In: Statistics and Probability
Conceptually, what are we doing when we test for statistical significance (such as in a z-test or t-test)? Where does the commonly used 95% confidence level come from? What is an effect size and what additional information does it provide about a finding?
Engineering problems require to decide whether to accept or reject a claim or statement about a parameter. This statement is called hypothesis and the procedure to solve the problem is called hypothesis testing. After the data has been collected, statistical inference is carried out to test if evidence or claim is in favour or some conclusion is drawn. This method of statistical inference is called tests of significance (such as z test and t test).
Basically we have 2 types of hypothesis –
1. Null hypothesis ( H0 ): Claim that is believed to be true but not proved yet.
2. Alternate Hypothesis ( HA ): Statement of what a statistical hypothesis test is trying to prove. It’s the opposite of the null hypothesis.

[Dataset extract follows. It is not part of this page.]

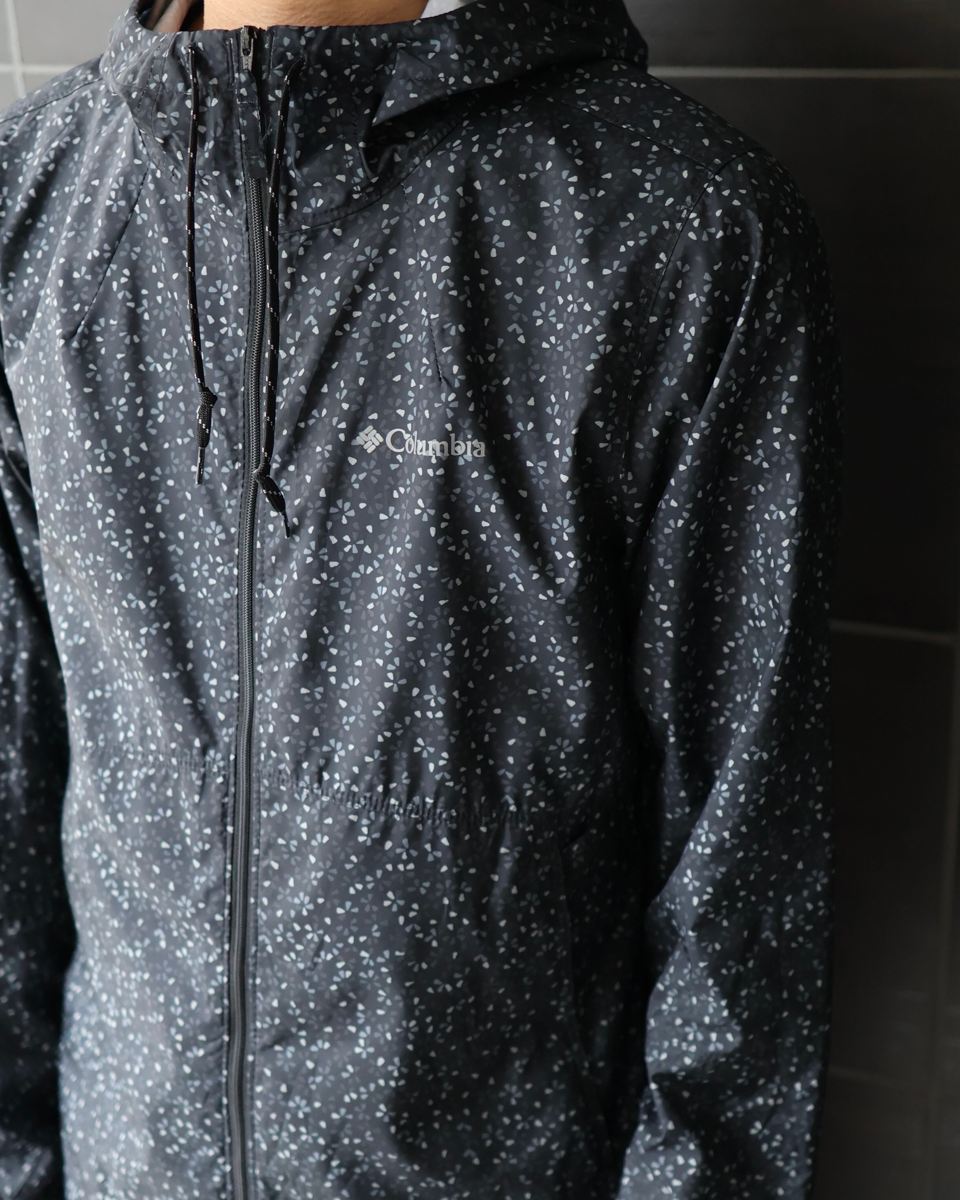 総柄のデザインが特徴的なナイロンのジップフーディー

While testing for statistical significance the claims or statements are tested for population parameters like mean, variance and population proportion.
An interval estimate for a population parameter is called confidence interval. We generally use the 95% C.I so that we have high confidence it contains the unknown population parameter. Another reason for using 95% C.I is that it leads to higher precision which means it will most likely contain the true value for the unknown population parameter. The critical values for the 95% C.I can be obtained from the standard tables or can be obtained from STATKEY.

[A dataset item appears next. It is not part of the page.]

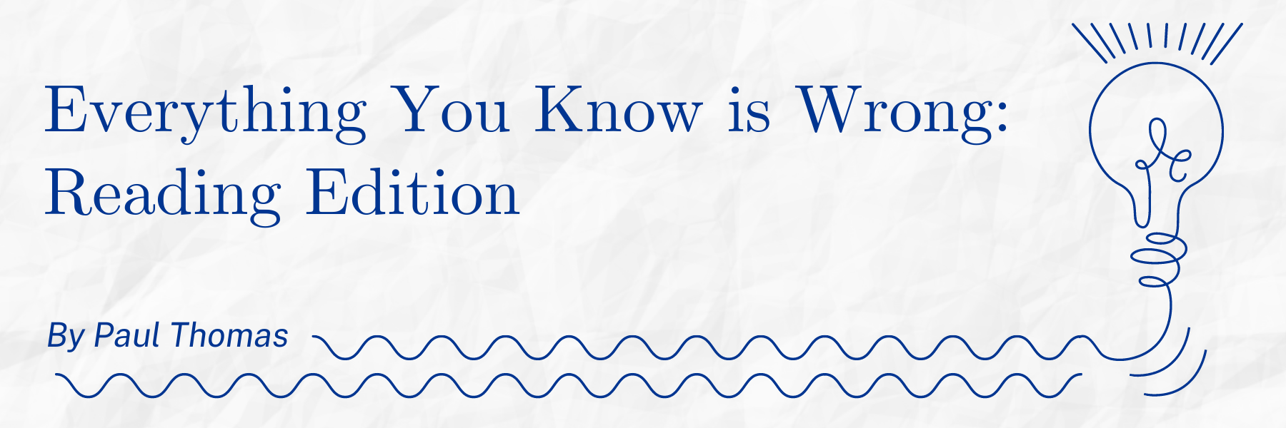 Originally published August 23, 2023. Republished with permission by Paul Thomas, author of the blog Radical Scholarship. https://radicalscholarship.com/2023/08/23/everything-you-know-is-wrong-reading-edition/

Effect size the measure of strength of a phenomenon. It explains the difference in the strength of relationship between two variables. For example, if we have a data on the weights of 50 boys and 50 girls, and obviously boys are heavier compared to girls, so the difference between the weights of the boys and girls is the effect size. Greater the effect size, greater is the weight difference between them.
Additional information provided by effect size –
Effect size provides a more scientific approach for determining the relationship between two variables compared to p value, and it can be used to compare the results of studies in different scenarios.